Türkiye Cumhuriyeti’nin kuruluşu ile birlikte 01.11.1923 tarihinde kurulan birinci hükümetten, 65. hükümete kadarki süreç içinde ülkemizde sağlık ve eğitim politikalarının üretilememesi, geleceğimizin teminatı dediğimiz çocuklarımızın, sağlıklı ve iyi bir eğitim ile yetişmelerini güçleştirmiştir. Bugün geldiğimiz noktada, günlük politikalar ile deneme, yanılma uygulamalar ile sistem her gün değişmektedir. Aslında ülkemizde hükümetlerin başarı ile gerçekleştirdiği bir uygulama vardır: Okullarda veya sağlık kuruluşlarında tabelalarda isimlerin değiştirilmesidir. Asıl olan tabelalarda isimlerin değişimi değil, sistemin değiştirilmesidir. Toplumun geleceğini etkileyen en önemli iki unsur olan sağlık ve eğitim politikaları, çağın uygun sistemleriyle bütünleştirilmelidir. Artık, çocuklarımızın gelecek ile ilgili endişeleri ortadan kaldırılmalıdır. Okulun tabelasında Anadolu veya başka bir isim yazması önemli değildir. Önemli olan eğitilmiş, ekonomik özgürlüğüne kavuşmuş, güçlü eğitim kadrosunun kurulmasıdır. Yoksa sözleşmeli öğretmen kadrosu ile çocuklarımızın yetiştirilmesi ne kadar verimli olabilmektedir.
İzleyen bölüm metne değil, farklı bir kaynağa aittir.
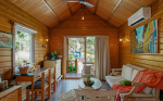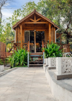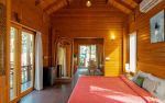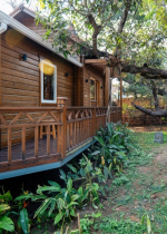 Bedrooms – The chalet is made entirely of wood, including the bedroom. It has a large double bed with high-quality linen for two guests. The room is air-conditioned for your comfort. Two windows provide views of the garden. There is a large wardrobe with plenty of storage and hanging space. There is also a mirror and a mini refrigerator. High wooden ceiling allows plenty of air and light to flood the space. A glass door slides open to a balcony, which also faces the garden and pool.
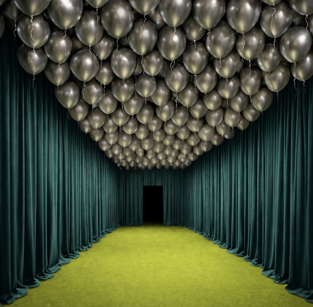 widen this hallway full ceiling of silver balloons carpet is yellow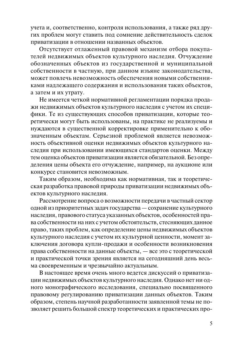 Правовое регулирование приватизации недвижимых объектов культурного наследия : монография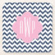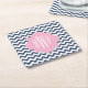 Blaues Zickzack Ikat Monogramm Rechteckiger Pappuntersetzer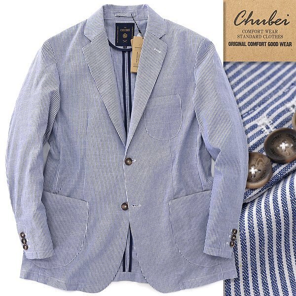 - 新品 チュウベイ 洗える コットン オックス ストライプ ジャケット LL 青 白 【CH1451082_77_LL】 春夏 CHUBEI オックスフォード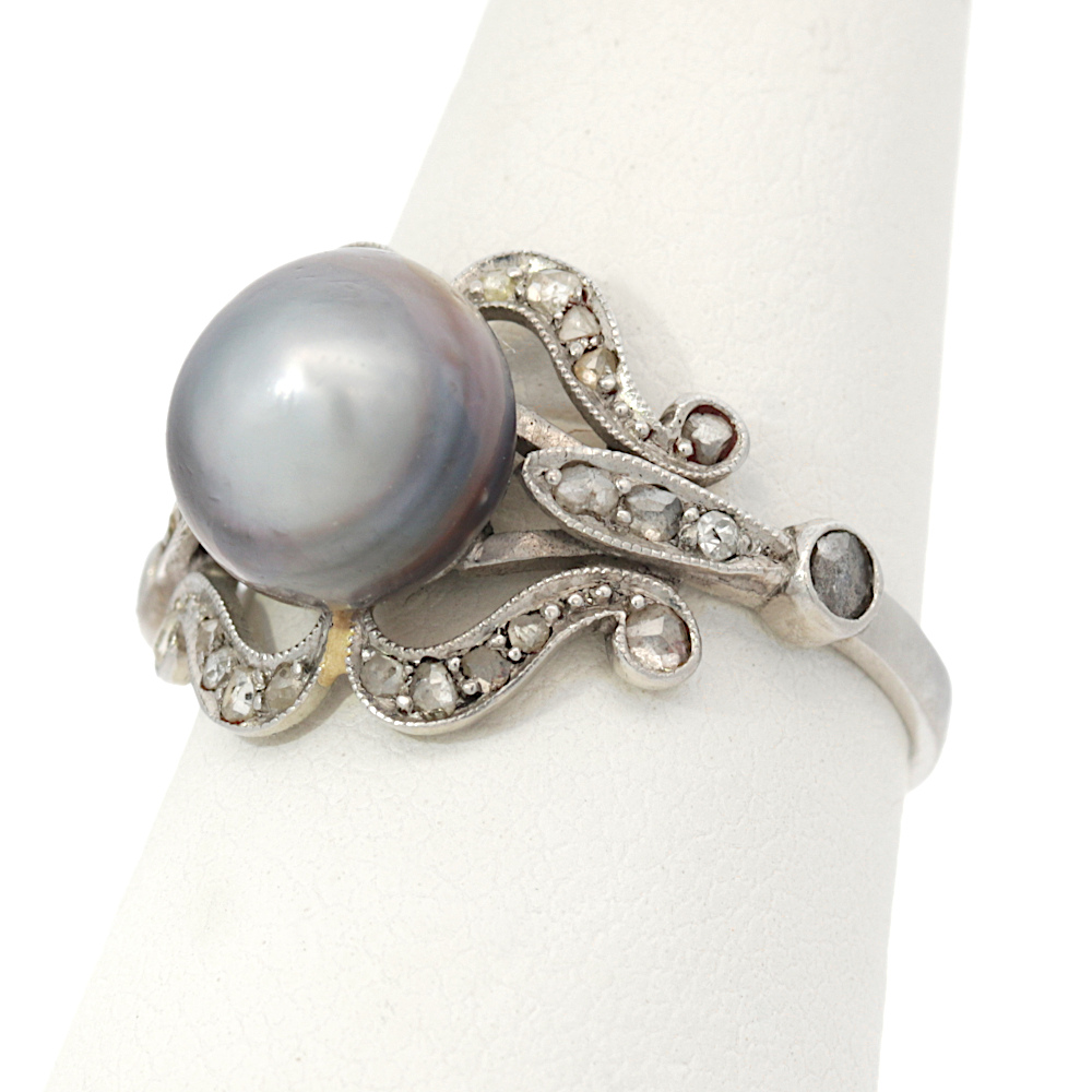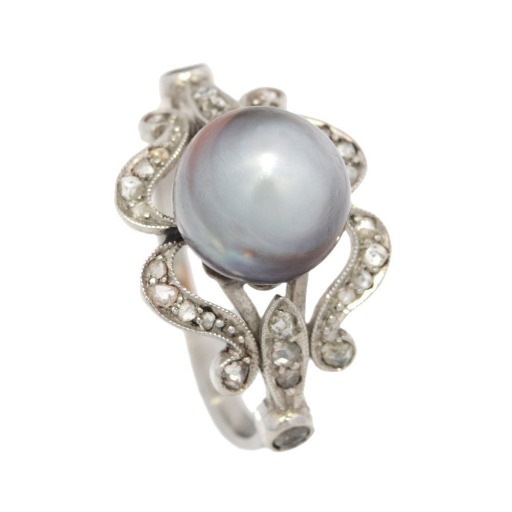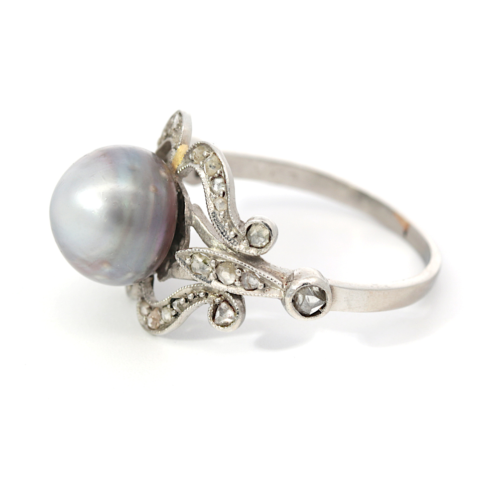 Antikring mit Perle und Altschliffdiamanten

Atatürk; “Yeni nesil, en büyük Cumhuriyetçilik dersini bugünkü öğretmenler topluluğundan ve onların yetiştirecekleri öğretmenlerden alacaktır.” diyerek, eğitimcinin önemini vurgulamaktadır. Yine Atatürk, “Öğretmenler! Yeni nesli, cumhuriyetin fedakâr öğretmen ve eğitimcileri, sizler yetiştireceksiniz. Ve yeni nesil, sizin eseriniz olacaktır. Eserin kıymeti, sizin maharetiniz ve fedakârlığınız derecesiyle orantılı bulunacaktır. Cumhuriyet; fikren, ilmen, fennen, bedenen kuvvetli ve yüksek karakterli koruyucular ister! Yeni nesli, bu özellik ve kabiliyette yetiştirmek sizin elinizdedir… Sizin başarınız, Cumhuriyetin başarısı olacaktır.” demiştir.
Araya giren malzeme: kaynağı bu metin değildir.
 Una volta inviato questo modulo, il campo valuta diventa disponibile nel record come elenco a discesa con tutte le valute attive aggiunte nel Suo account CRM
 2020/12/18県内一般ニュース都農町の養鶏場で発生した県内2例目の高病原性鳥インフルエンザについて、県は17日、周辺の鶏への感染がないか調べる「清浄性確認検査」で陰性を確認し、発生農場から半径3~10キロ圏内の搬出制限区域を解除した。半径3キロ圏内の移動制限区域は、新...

Günümüz 21. yüzyılın bilgi toplumunda eğitilmiş insan gücü öne çıkmaktadır. Onun için bugünün çocukları ve gençleri iyi eğitilmeli, geleceğe iyi hazırlanmalıdır. Onların bilgi ihtiyacı, bilişim ve iletişim teknolojileri ile sağlanabilmelidir. Doğru bilgi ile buluşmalarının sağlanması için gerekli eğitimlerin verilmesi gerekmektedir. Tabiki burada eğitimcinin eğitimi de önem kazanmaktadır. Dünya her alanda hızlı değişmektedir. Değişim yine değişim ile değer kazanmakta veya kazandırmaktadır.
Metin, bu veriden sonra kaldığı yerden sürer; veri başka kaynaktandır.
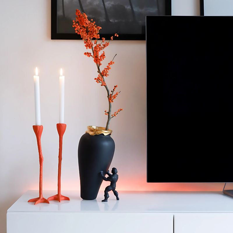 Ved første øyekast kan det se ut som vasen er på vei til å velte, men den blir støttet opp av en superhelt som står klar til å redde dagen. Dette lekne, men samtidig kraftfulle designet, gir vasen en unik karakter og en dypere mening – en påminnelse om at styrke kan komme fra de mest uventede steder.
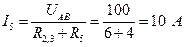 10. При включении рубильника P1, сопротивление R1 замыкается накоротко, и схема цепи имеет вид на рисунке 1.1е. Эквивалентное сопротивление цепи в этом случае: RAB=R2,3,4,5=5 Ом. Поскольку напряжение UAB остается равным 100 В, можно найти токи в резисторах R4 и R5: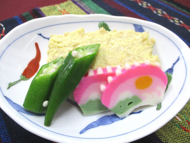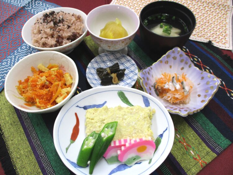 お赤飯、赤魚のすまし汁、鶏肉の松風焼き、栗きんとん、人参の子和え、氷頭なます、一口昆布巻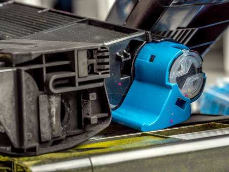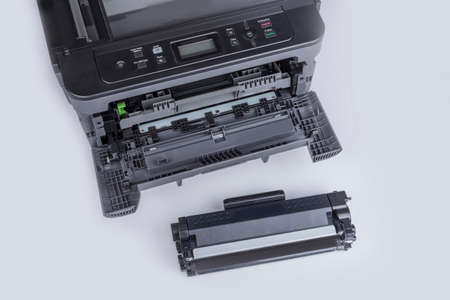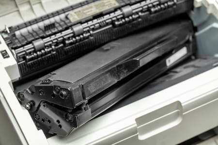 Laser cartridge toner refill concept. Office equipment maintenance concept.

Madem ki, Çocuklar, Ailemizin ve Toplumumuzun Geleceğidir. O zaman onları, sağlıklı ve iyi bir eğitim ile yetiştirmek bizlerin en önemli görevidir. Bizleri yönetecek, sağlık ve eğitim başta olmak üzere ülkemizin geleceğini aydınlık yarınlara çıkartabilecek kadrolara sahip hükümetlerin kurulmasını sağlamalıyız. Cumhuriyet değerlerine sahip, demokrasiyi ve adalet vurgusunu öne çıkartan, egemenliğin kayıtsız şartsız Türk Halkının elinde olduğunu benimsemiş ve bu alanlarda politikalar üretmiş hükümetler ülkelerini geleceğe taşıyabilmektedir.
Çocuklarımız ve Gençler Geleceğimizdir.